--- Exercise data Enclosed Below ---

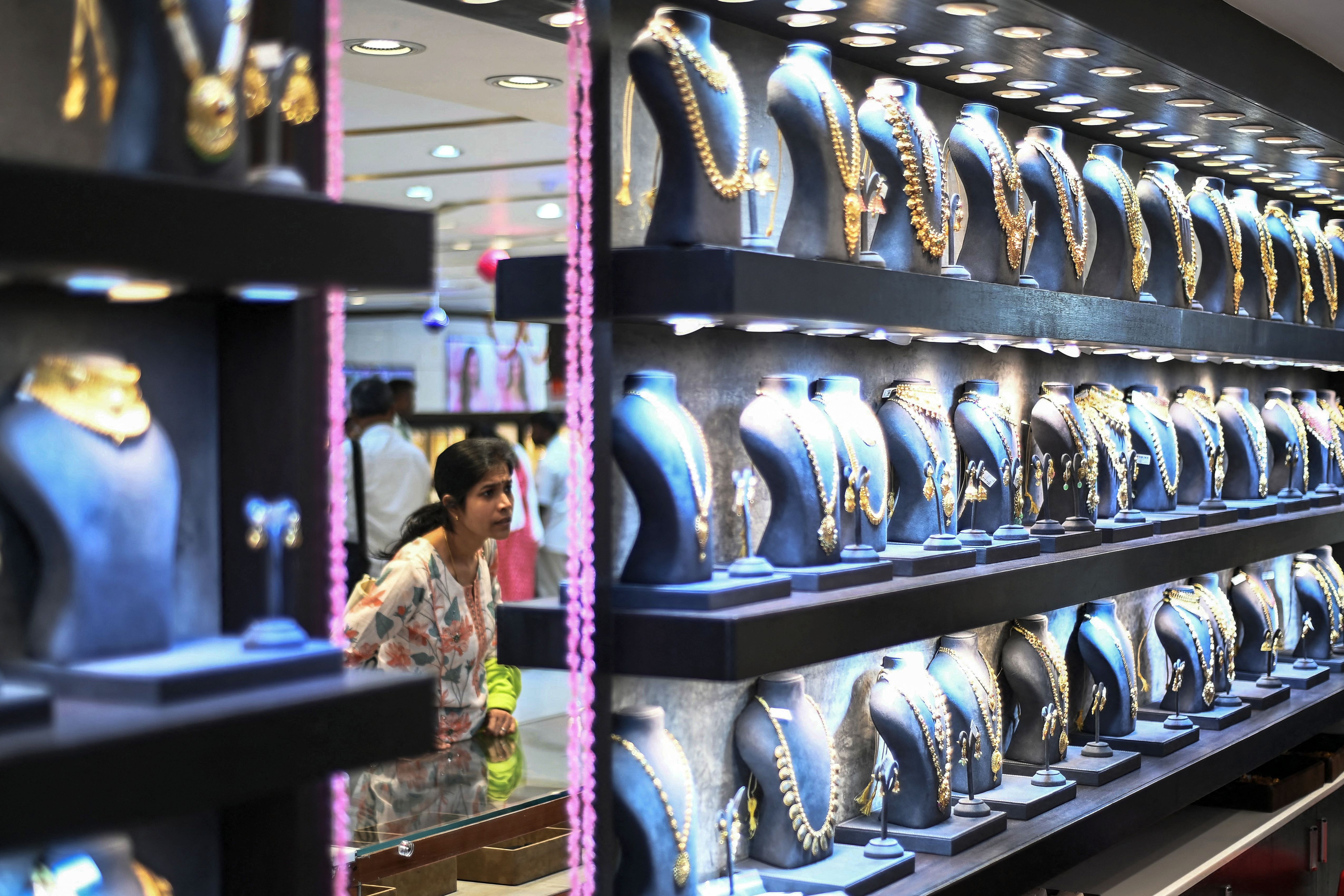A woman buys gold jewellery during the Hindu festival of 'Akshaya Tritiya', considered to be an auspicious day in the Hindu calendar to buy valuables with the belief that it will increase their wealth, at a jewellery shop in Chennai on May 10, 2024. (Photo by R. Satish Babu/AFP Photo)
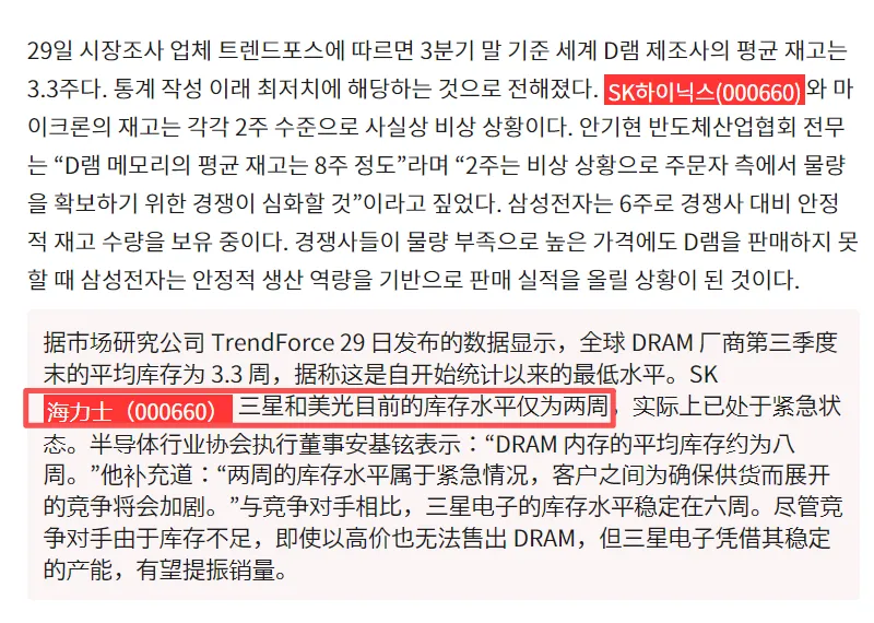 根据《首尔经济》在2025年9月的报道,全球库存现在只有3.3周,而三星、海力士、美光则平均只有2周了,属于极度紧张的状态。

--- End of Enclosed Exercise data ---
--- Exercise data Enclosed Below ---

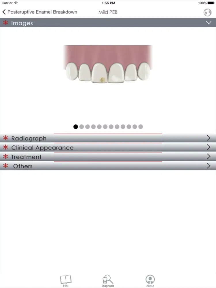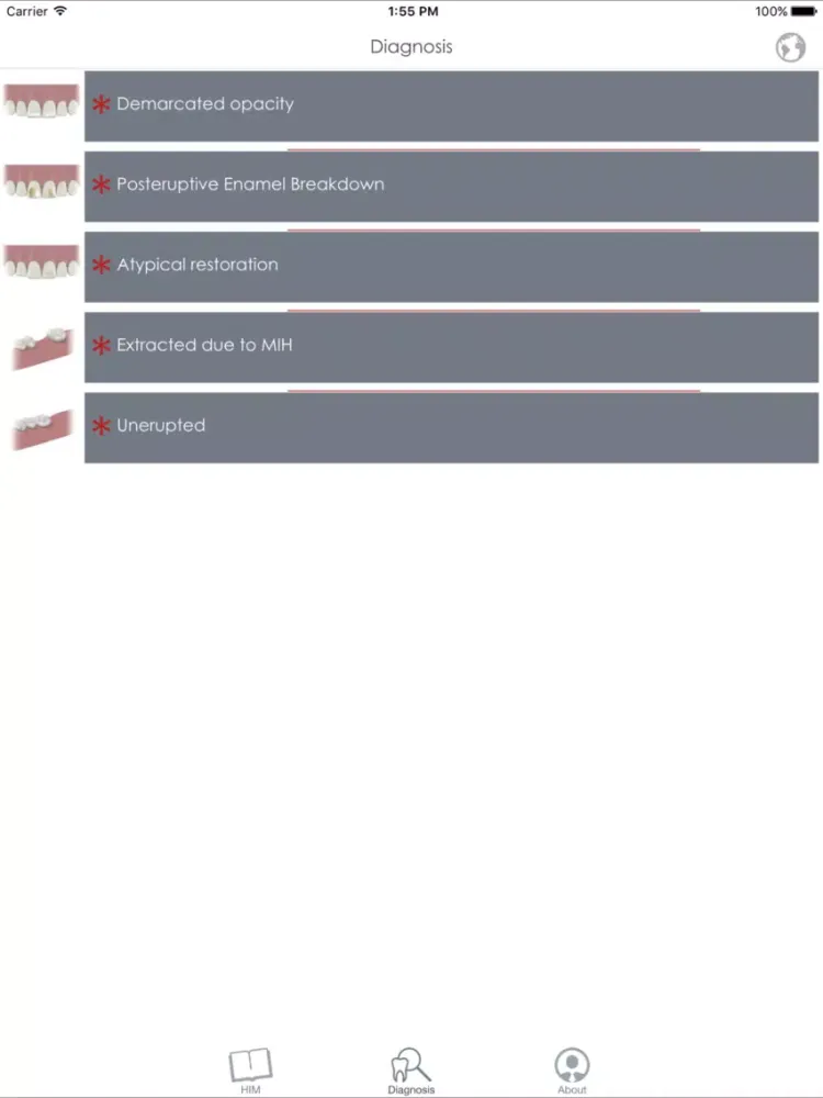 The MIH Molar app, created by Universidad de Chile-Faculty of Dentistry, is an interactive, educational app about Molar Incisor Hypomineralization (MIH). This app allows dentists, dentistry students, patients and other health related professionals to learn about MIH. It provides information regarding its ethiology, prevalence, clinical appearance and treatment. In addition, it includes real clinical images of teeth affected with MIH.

--- End of Enclosed Exercise data ---
--- Exercise data Enclosed Below ---

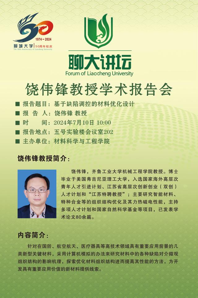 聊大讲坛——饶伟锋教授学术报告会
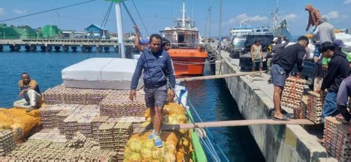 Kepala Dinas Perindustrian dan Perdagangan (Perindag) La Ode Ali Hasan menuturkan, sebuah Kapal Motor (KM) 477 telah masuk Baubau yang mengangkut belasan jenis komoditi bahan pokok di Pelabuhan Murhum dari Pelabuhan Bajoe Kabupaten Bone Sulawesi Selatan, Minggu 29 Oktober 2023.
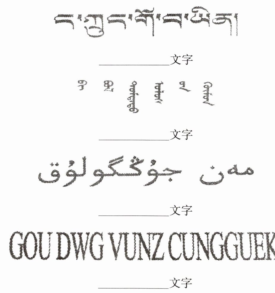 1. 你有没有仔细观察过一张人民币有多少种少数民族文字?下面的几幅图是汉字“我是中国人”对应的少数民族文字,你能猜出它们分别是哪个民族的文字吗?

--- End of Enclosed Exercise data ---

Reproduce, word for word, only the lines in the records above from the line with "聊大讲坛——饶伟锋教授学术报告会" through the line with "1. 你有没有仔细观察过一张", including both ends; omit the pictures.

 聊大讲坛——饶伟锋教授学术报告会
 Kepala Dinas Perindustrian dan Perdagangan (Perindag) La Ode Ali Hasan menuturkan, sebuah Kapal Motor (KM) 477 telah masuk Baubau yang mengangkut belasan jenis komoditi bahan pokok di Pelabuhan Murhum dari Pelabuhan Bajoe Kabupaten Bone Sulawesi Selatan, Minggu 29 Oktober 2023.
 1. 你有没有仔细观察过一张人民币有多少种少数民族文字?下面的几幅图是汉字“我是中国人”对应的少数民族文字,你能猜出它们分别是哪个民族的文字吗?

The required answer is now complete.